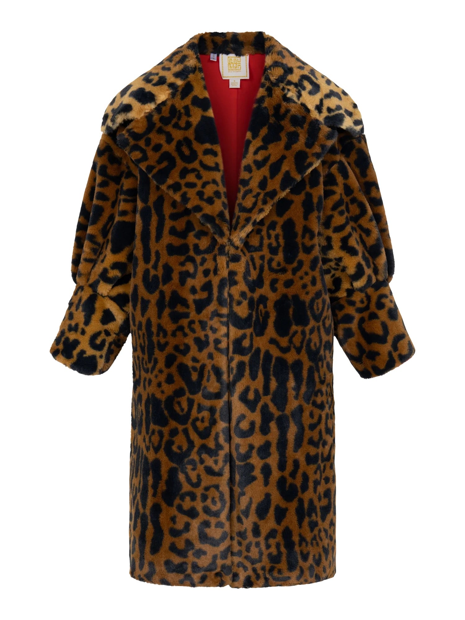 The Manhattan Coat in Lady Leopard is a true statement piece that balances cozy comfort with high-fashion drama. Designed in a plush leopard fur fabric, this coat makes an entrance with its bold oversized lapel, dramatic open cuffed sleeves, and classic hook-and-eye closure. The striking red lining offers an unexpected pop of color, adding even more personality to this head-turning style. A timeless layer that’s as warm as it is commanding, perfect for making a fierce impression this season and beyond.
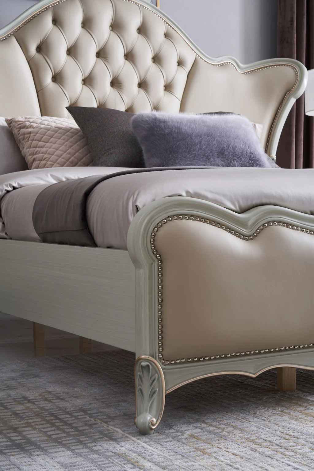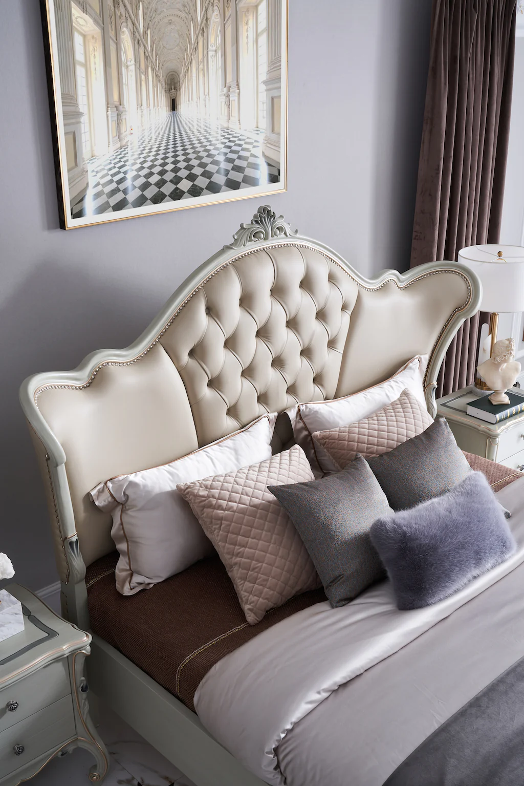 The Odette French Bed is a luxury bed that makes an exquisite centrepiece in any bedroom. The handcrafted light grey frame is paired with a beige leather headboard and footboard, both with tufted buttons. Featuring exaggerated curves and intricate ornaments in gold accent, the towering wingback headboard of this luxury bed evokes a distinctly majestic feel. Pair with the Antoinette Bedside Table (sold separately) for a spectacular combination. Available in King Size only.
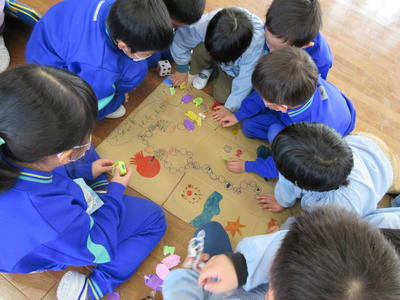 第一小からは、すごろく、縄跳び、読み聞かせ、あやとり、折り紙、お絵かきを教えてもらいました。
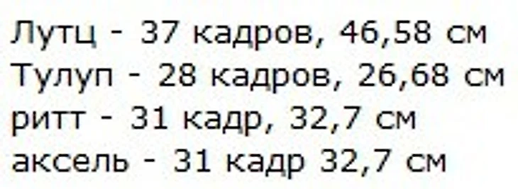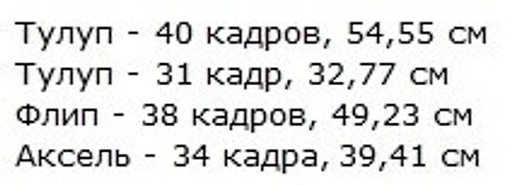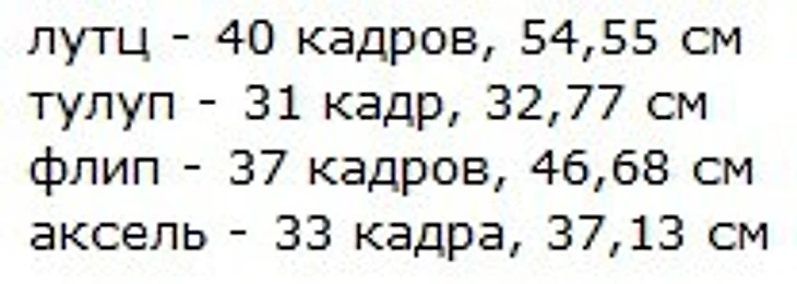 3) Далее происходит элементарный подсчёт. На видео прыжок занимает 32 кадра при fps 59,94 кадр/сек. Значит, время, проведённое в воздухе Липницкой на лутце: 32/59,94 = 0,53386......сек. Далее, подставляя это значение вместо t в формуле, получаем, что высота прыжка = 34,91 см. Округляю до сотых.
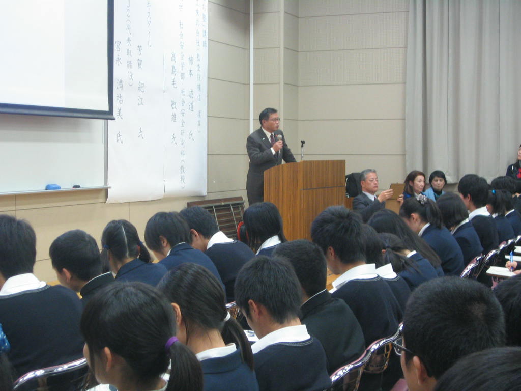 先輩を見習い、将来、地域や国家、国際社会に貢献する職業人を目指してほしいと思います。
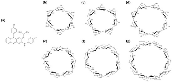 Chemical structure of CFZ, CDs, and CIs. CFZ, clofazimine; CI, cyclodextran; CD, cyclodextrin. (a) CFZ, (b) α-CD, (c) β-CD, (d) γ-CD, (e) CI-7, (f) CI-8, and (g) CI-9.
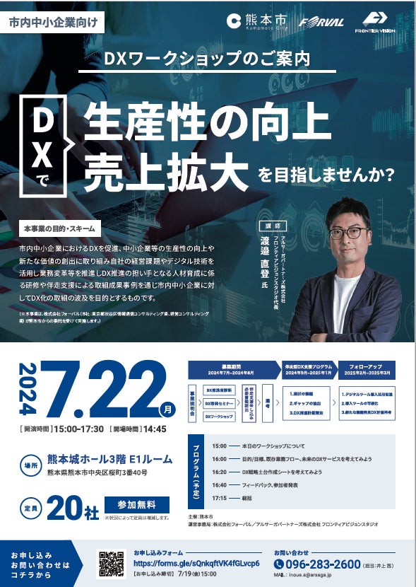 熊本市(市長:大西 一史)は、昨年度に引き続きデジタル技術を活用した業務変革等に取り組む市内の中小企業等を対象に、専門家による集中的な伴走支援等を行う「熊本市中小企業等DXアクセラレーション事業」を実施します。
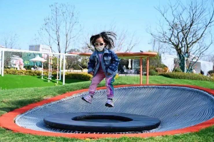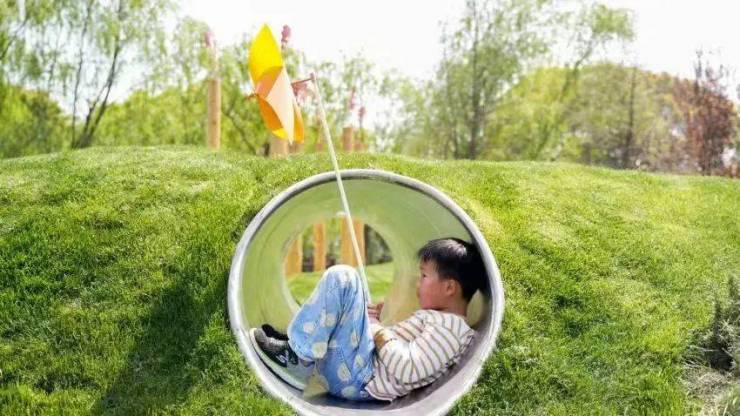 利用起伏的地形还有一个超600平方米的儿童活动区,草地上的隧洞森林设计成了可趣味攀爬的互动墙和知识科普墙,可以带娃去探索。
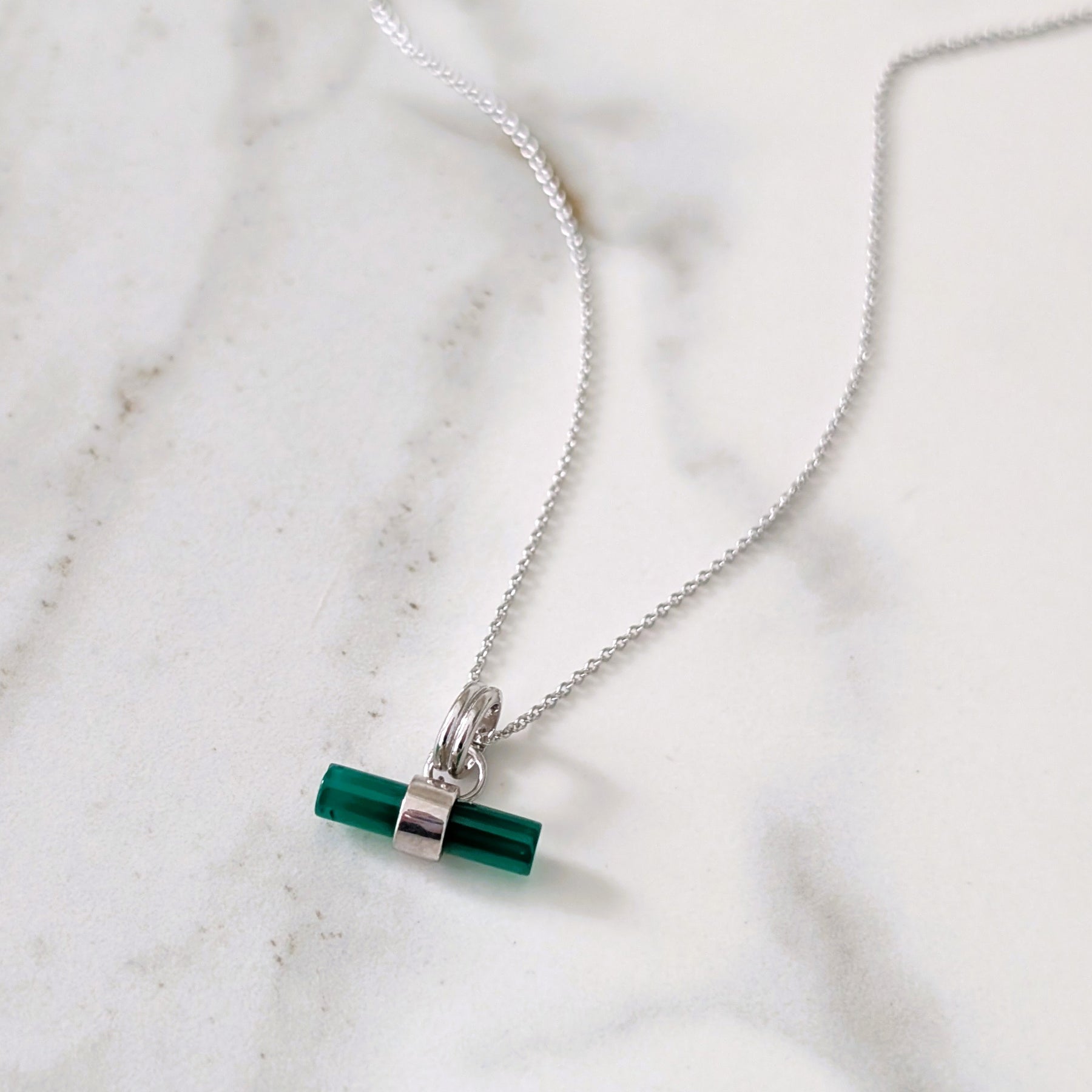 sterling silver green onyx t-bar necklace

^^^^

Could you retype exactly the lines running from the one with "The Odette French" to the end of the material above, pictures omitted?

■ Task response
 The Odette French Bed is a luxury bed that makes an exquisite centrepiece in any bedroom. The handcrafted light grey frame is paired with a beige leather headboard and footboard, both with tufted buttons. Featuring exaggerated curves and intricate ornaments in gold accent, the towering wingback headboard of this luxury bed evokes a distinctly majestic feel. Pair with the Antoinette Bedside Table (sold separately) for a spectacular combination. Available in King Size only.
 第一小からは、すごろく、縄跳び、読み聞かせ、あやとり、折り紙、お絵かきを教えてもらいました。
 3) Далее происходит элементарный подсчёт. На видео прыжок занимает 32 кадра при fps 59,94 кадр/сек. Значит, время, проведённое в воздухе Липницкой на лутце: 32/59,94 = 0,53386......сек. Далее, подставляя это значение вместо t в формуле, получаем, что высота прыжка = 34,91 см. Округляю до сотых.
 先輩を見習い、将来、地域や国家、国際社会に貢献する職業人を目指してほしいと思います。
 Chemical structure of CFZ, CDs, and CIs. CFZ, clofazimine; CI, cyclodextran; CD, cyclodextrin. (a) CFZ, (b) α-CD, (c) β-CD, (d) γ-CD, (e) CI-7, (f) CI-8, and (g) CI-9.
 熊本市(市長:大西 一史)は、昨年度に引き続きデジタル技術を活用した業務変革等に取り組む市内の中小企業等を対象に、専門家による集中的な伴走支援等を行う「熊本市中小企業等DXアクセラレーション事業」を実施します。
 利用起伏的地形还有一个超600平方米的儿童活动区,草地上的隧洞森林设计成了可趣味攀爬的互动墙和知识科普墙,可以带娃去探索。
 sterling silver green onyx t-bar necklace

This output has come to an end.